Мы разговорились… Хотя подобное определение к данной ситуации едва ли подходило. Потому как наши знакомые с трудом изъяснялись по-русски, имея словарный запас, не отягощенный даже необходимым минимумом. Ребята не утруждали себя не только оборотами, но и не пользовались ни склонением, ни спряжением, ни временем. В общем, отвергали все достоинства нашего могущественного русского языка.
В длительном процессе объяснений, девчонки добились следующей информации: молодые югославы уже полгода строят где-то в центре столицы отель для зарубежных граждан. Отвоёвывая упорно каждое слово, мы, похоже, копались в самых глубинных недрах тех скудных познаний, которые отложились в головной коре обоих полушарий наших югославов за полгода. Поистине, они очень ленились и не прикладывали никаких усилий, чтобы перенять кое-какие языковые навыки хотя бы на бытовом уровне. Но при этом они испытывали полную индифферентность к своему неумению и вовсе этого не стеснялись.
Разговор между нами можно было бы признать неинтересным, внимания читателей не достойным, так как сводился он к изъезженным банальностям, от которых в повседневности просто тошнит. Зато как мимически обставленном! Каждая удавшаяся реплика представляла настоящую, отдельную сцену! Ведь общение наше состояло в том, что мы путем каких-то языческих, иероглифами изображаемых знаков, мимических кривляний и жестов, пытались только понять друг друга. Нас забавляло такое времяпрепровождение!
Вера, у которой слуховой аппарат мог адаптироваться для любого объекта, который претерпевал неполадки с дикцией и произношением, разговаривала бойчее подруг. Она схватывала налету, пропуская через свое какое-то внутреннее приспособление для понимания речь, и смело выдавала ответ. Мы с Валери не поспевали за ее прытью и слегка заскучали.
«Отчего бы и не заняться?» — помыслила я на досуге. «Молодые люди, пусть и не в достаточном для дамского общества количестве, имеются… Пусть никто из девчонок не возомнит о себе обделенной, но я воспользуюсь возможностью пофлиртовать.»
На такое предприятие я решилась вовсе не по причине уверенности в себе, подстрекаемая прошлыми победами.
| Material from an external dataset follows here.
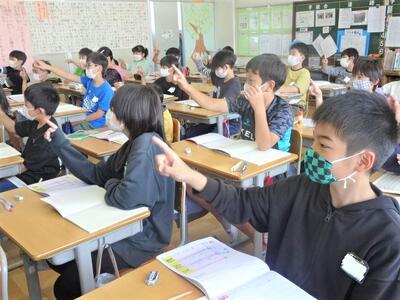【4年生】4年生も、いつも意欲満々です。挙手の仕方も手本のようです。総合的な学習の時間には、先日行ってきた「なす高原自然の家」への宿泊学習に関するまとめが順調に進んでいます。
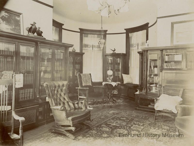 View of the library in the Frank and Jannette "Lillie" Sturges home at 333 Cottage Hill Avenue, known as Clover Lawn.Photograph Details

Напротив, мое самомнение страдало, не подкрепляемое былым торжеством. До сих пор баловник Эрот пронзал меня отнюдь не медовыми стрелами, наказывая не взаимностью. До сих двадцатилетних пор любовь меня лишь мучила.
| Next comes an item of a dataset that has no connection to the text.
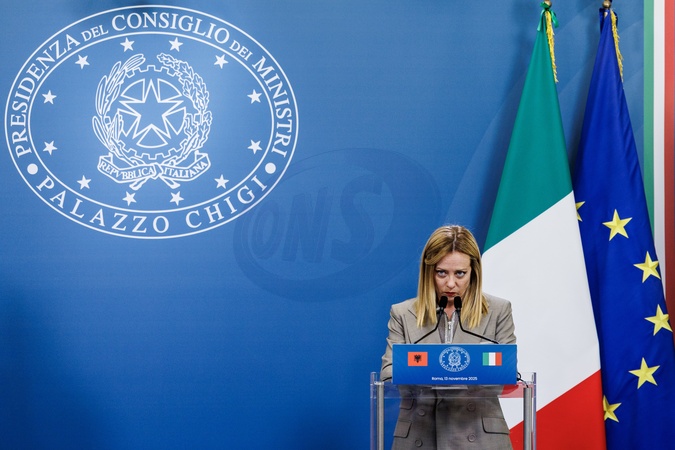 13/11/2025 Rome, Villa Pamphili, Statements at the end of the Italy-Albania Intergovernmental Summit. Pictured is the Prime Minister Giorgia Meloni., Credit:/AGF / Avalon

Тихая, кроткая, блаженная, она томилась в моей сердечной темнице. И своими страданиями доставляла страдания мне. Затворницы мои сменялись нечасто, погибая неминуемо, так как были лишены пищей взаимности. Но жестокая, кровожадная темница требовала новых пленниц и жаждала поглотить следующую неосторожную жертву.
Но вот подобной ситуации, когда не любишь, когда объект чувственно не довлеет на тебя, когда испытываешь к нему не больше, чем к прохожему, когда позиция взаимно-нейтральна и ты задаешься целью самой захватить в плен, — такого еще не случалось со мной. Обычно, так складывалось, бой принимался мной на неравных позициях: он имел силу — я была влюблена. А как преданному рабу покорить собственного господина?
Я стала исподтишка наблюдать за обеими кандидатурами. Кого из них выбрать? По внешности? На мой выбор предоставлялись если не две противоположности, то все-таки непохожести.
Йонес (мы так и не определились, как именно его звали, поскольку даже блистательный слух Веры был бессилен распознать: Йонес или Янез) имел более четкие, выразительные внешние данные. Черты лица заостренные, вернее сказать, утонченные. Линии рисовались определенно правильно, без утолщений и округлений. Выразительность ему придавала легкая смуглость и аккуратная щегольская прическа будто только что уложенных в парикмахерской черных волос.
Санди же внешне словно размазали. Очертания его будто расплывались, набросанные небрежными, легкими штрихами. Этот пробный эскиз представлялся каким-то размытым пятном, до умиления мягким, светлым и добродушным. Светло-русая копна волос пышно и в беспорядке покоилась на его голове, будто он недавно с кем-то по-приятельски поборолся.
Сравнение обоих было невольно: Йонеса словно ваяли, Санди словно лепили. Одного подтачивали, а другого забыли.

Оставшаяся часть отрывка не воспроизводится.